**Material to process**
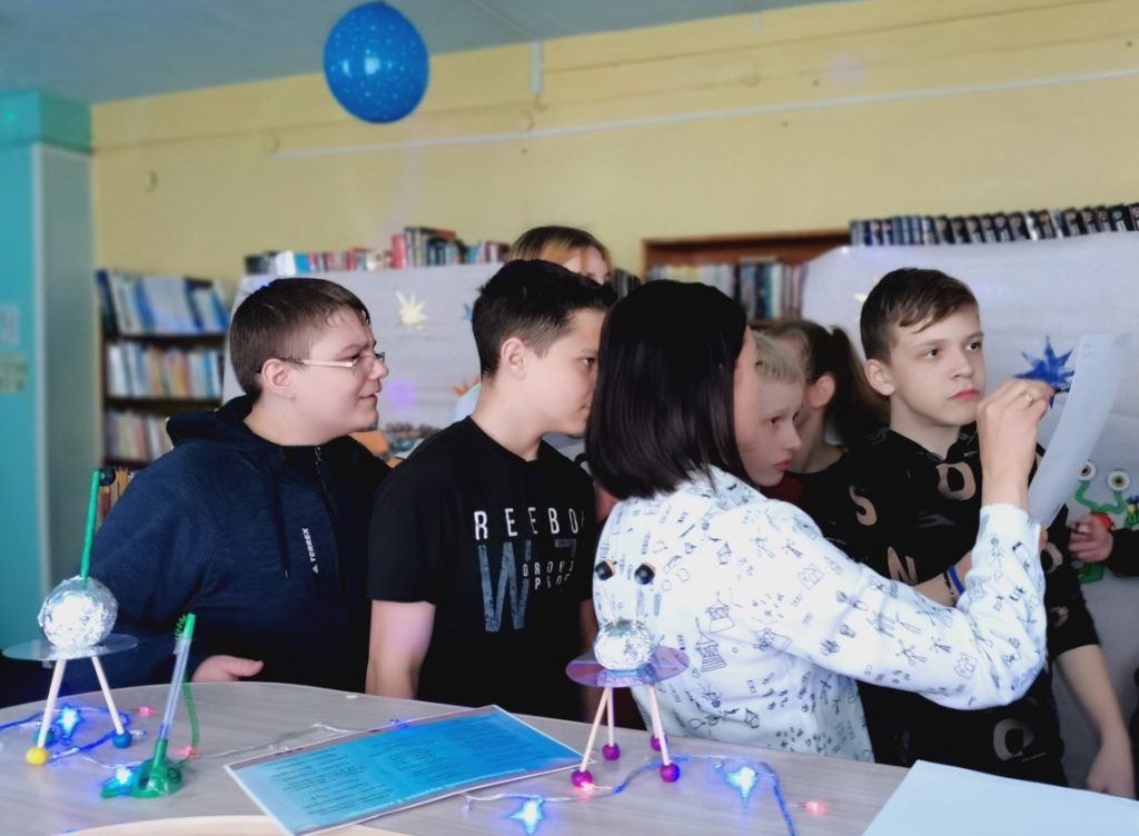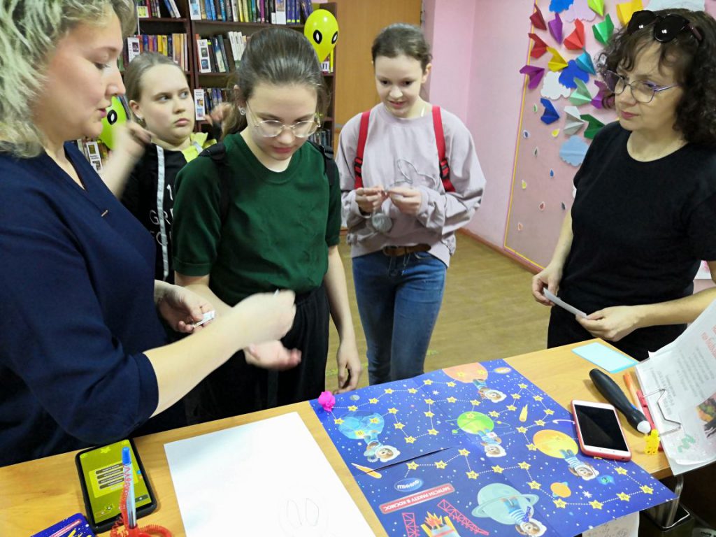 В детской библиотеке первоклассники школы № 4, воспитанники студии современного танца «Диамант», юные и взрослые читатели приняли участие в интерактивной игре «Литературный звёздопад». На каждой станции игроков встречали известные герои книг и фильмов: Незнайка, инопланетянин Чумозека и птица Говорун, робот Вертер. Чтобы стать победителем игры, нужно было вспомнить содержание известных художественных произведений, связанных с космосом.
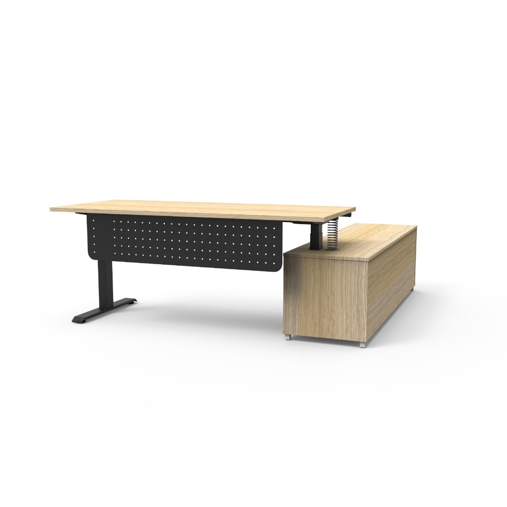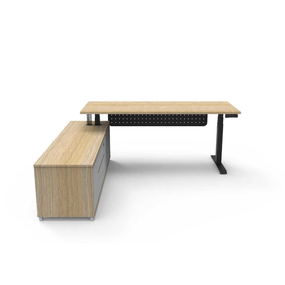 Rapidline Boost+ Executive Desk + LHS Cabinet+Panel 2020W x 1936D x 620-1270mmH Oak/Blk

==

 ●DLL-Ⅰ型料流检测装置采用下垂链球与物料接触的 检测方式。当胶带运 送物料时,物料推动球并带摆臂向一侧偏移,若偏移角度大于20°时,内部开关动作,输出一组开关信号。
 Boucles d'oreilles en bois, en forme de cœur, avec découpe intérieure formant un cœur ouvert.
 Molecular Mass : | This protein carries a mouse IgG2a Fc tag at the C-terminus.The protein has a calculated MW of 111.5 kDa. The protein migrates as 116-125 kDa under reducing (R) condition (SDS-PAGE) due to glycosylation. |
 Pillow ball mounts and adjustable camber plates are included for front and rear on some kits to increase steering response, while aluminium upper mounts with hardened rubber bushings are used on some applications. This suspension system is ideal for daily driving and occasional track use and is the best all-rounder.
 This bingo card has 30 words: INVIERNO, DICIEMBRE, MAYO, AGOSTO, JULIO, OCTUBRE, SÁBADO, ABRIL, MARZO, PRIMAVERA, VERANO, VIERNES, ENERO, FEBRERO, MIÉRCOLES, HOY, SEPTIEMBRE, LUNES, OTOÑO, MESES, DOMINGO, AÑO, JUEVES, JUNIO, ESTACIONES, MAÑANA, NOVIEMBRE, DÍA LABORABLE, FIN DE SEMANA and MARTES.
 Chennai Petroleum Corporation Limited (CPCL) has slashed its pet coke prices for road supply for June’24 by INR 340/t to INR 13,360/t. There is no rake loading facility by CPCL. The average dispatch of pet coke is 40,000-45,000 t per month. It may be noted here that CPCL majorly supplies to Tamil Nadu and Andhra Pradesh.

**Assignment**
Determine how many of the lines above include the word "This", then give that number and nothing else.

**Response area**
3